Entitled The Lovers and The Despot, Cannan and Adam introduce us to the husband and wife duo of South Korean filmmaker Shin Sang-ok and his muse, actress Choi Eun-hee, who met while working on a film in the 1950s, and subsequently fell head over heels in love. However, things took a troubling turn in the late 1970s, when Choi was kidnapped in Hong Kong by a group of North Korean agents after working on a cavalcade of massively popular films. Shin was subsequently taken while looking for his lover, finding Kim Jong-il ready to proclaim them as his own personal filmmakers. Himself a movie-loving cineaste, the North Korean dictator had the team make 17 features before they ultimately escaped in the late ‘80s.

Structurally, this film is relatively bland. Not much more than a blend of talking head interviews and the occasional bit of archival material, Lovers is at its very best when we get to, as best we can, experience the lives of these two characters. The most intriguing archival footage used here is the rare bit of footage from Shin’s actual directorial work, which helps set the stage for the type of too-crazy-to-be-true by way of introducing this pair through their work. Granted, we don’t dig much into the films themselves, which is admittedly a great sin of the film, but it’s interesting to see their work together. However, the lack of footage from their work in North Korea is a great loss here, with the film deciding to focus solely on the kidnapping and subsequent escape from their captors.

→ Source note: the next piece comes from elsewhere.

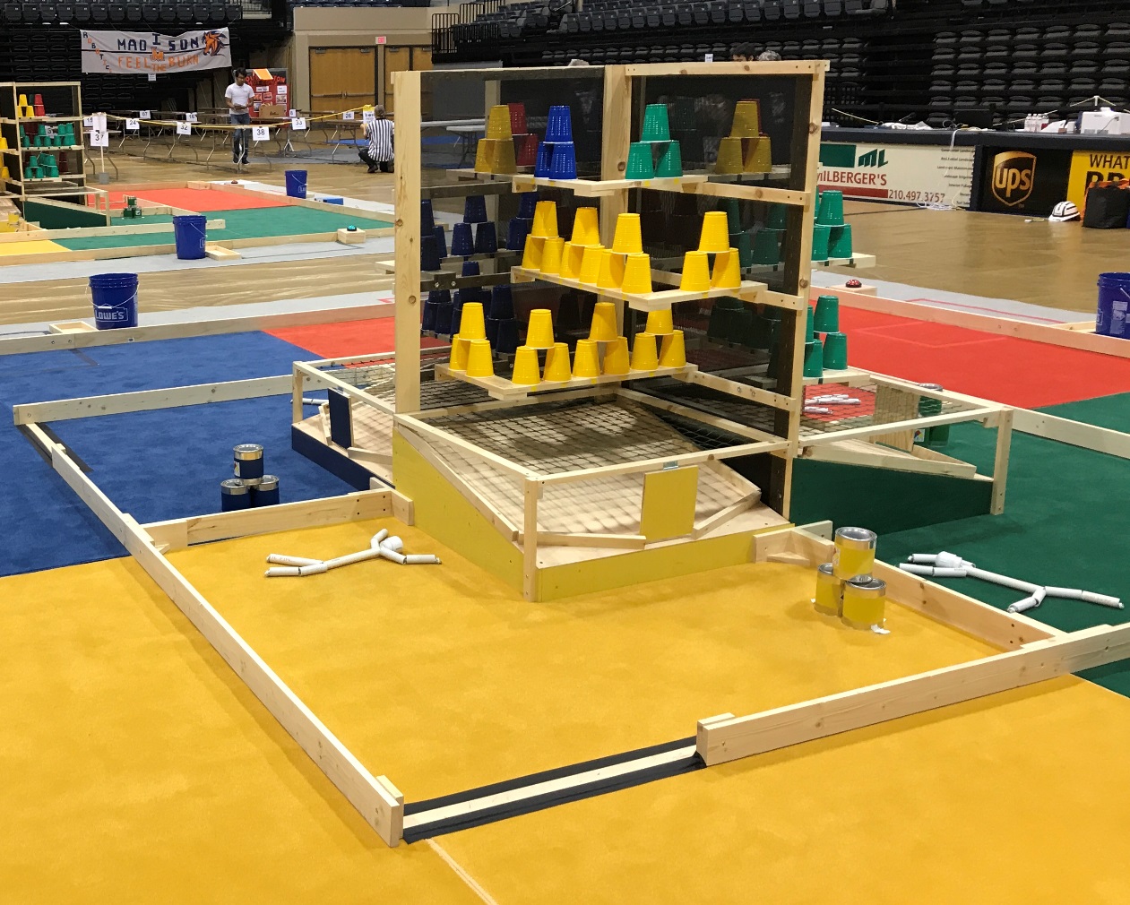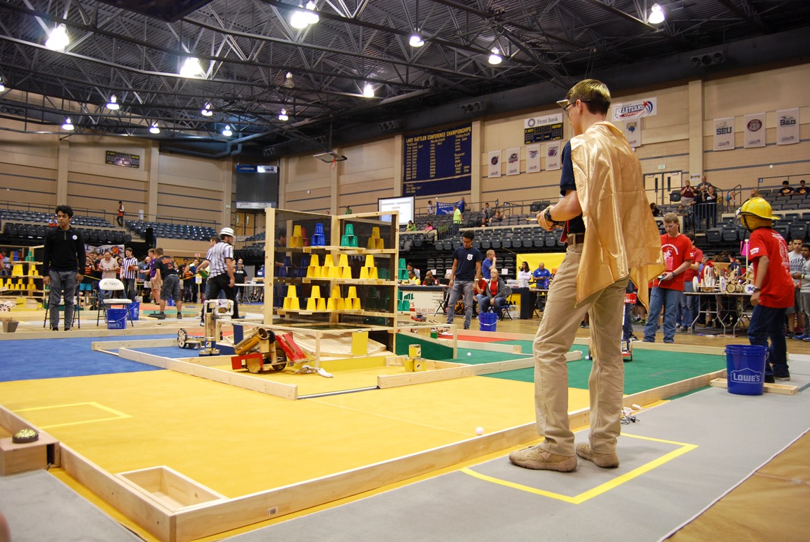 eams are tasked with rescuing the “manikin,” containing the chemical drums, and extinguishing the flames. The manikin (a PVC and rope assembly) is considered rescued when the spotter has properly placed the manikin in the stretcher located outside the field. The chemical drums (quart paint cans having various weights) are contained by having the robot place them into the containment area inside the playing field. The flames (upside down plastic cups) are considered extinguished when water (plastic golf ball) has been used to knock over the cup or to displace the cup from the shelf location.

Which isn’t to say that that story is not at all compelling. It absolutely is. The accounts told here regarding the kidnapping the subsequent escape as well as the build up to it are enthralling, with every word seeming like it’s too far fetched to have actually occurred. Romance brewing on the set of a film turning into a life long love affair only to be broken up by two different kidnappings and nearly a decade of working under a dictator is the log line of the greatest drama never made. Clocking in at just over 90 minutes, the film flies by, with a fantastic (if slightly maudlin) score helping to thrust the narrative forward. However, what gets lost here is easily the film’s most exciting theme. Rarely touched, if ever, within this picture is the idea of crafting art under a dictatorial eye. We don’t get any real example of the couple’s work for Jong-il, and the approach taken here by the filmmakers is reliant too heavy on simplistic recounting of details.

A sure-fire hit on VOD and streaming when it arrives, The Lovers and the Despot is a terribly dry non-fiction film elevated by a story that’s absolutely beyond belief. As rousing as the very best TLC documentary you’d get caught watching on a Sunday afternoon, this is best saved for a rainy day when it scrolls across your Netflix screen.